Ignoring every picture, return the lines of the listing below word for word, from the line that holds "1、点击选择您对应的主体类型。" through the line that holds "せっかくなので、新入スタッフ".

Start of EXERCISE MATERIAL

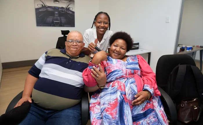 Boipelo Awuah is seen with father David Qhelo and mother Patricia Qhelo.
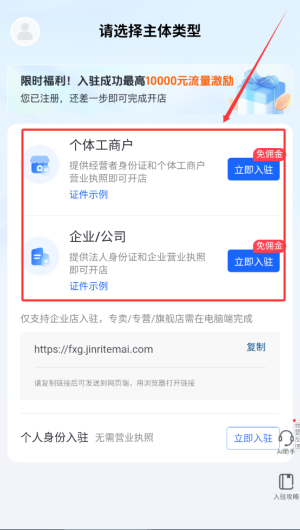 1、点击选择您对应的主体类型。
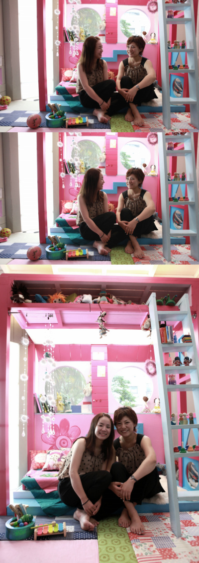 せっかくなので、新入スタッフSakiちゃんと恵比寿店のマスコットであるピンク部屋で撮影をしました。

End of EXERCISE MATERIAL
Start of EXERCISE MATERIAL

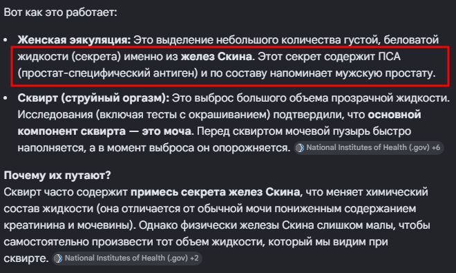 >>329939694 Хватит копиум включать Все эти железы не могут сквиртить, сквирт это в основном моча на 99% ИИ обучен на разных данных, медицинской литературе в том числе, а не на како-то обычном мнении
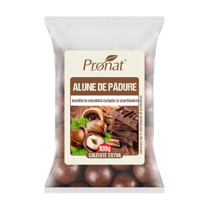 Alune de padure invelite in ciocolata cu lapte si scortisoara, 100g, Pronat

End of EXERCISE MATERIAL

**RESULT FOR THIS TASK**
 1、点击选择您对应的主体类型。
 せっかくなので、新入スタッフSakiちゃんと恵比寿店のマスコットであるピンク部屋で撮影をしました。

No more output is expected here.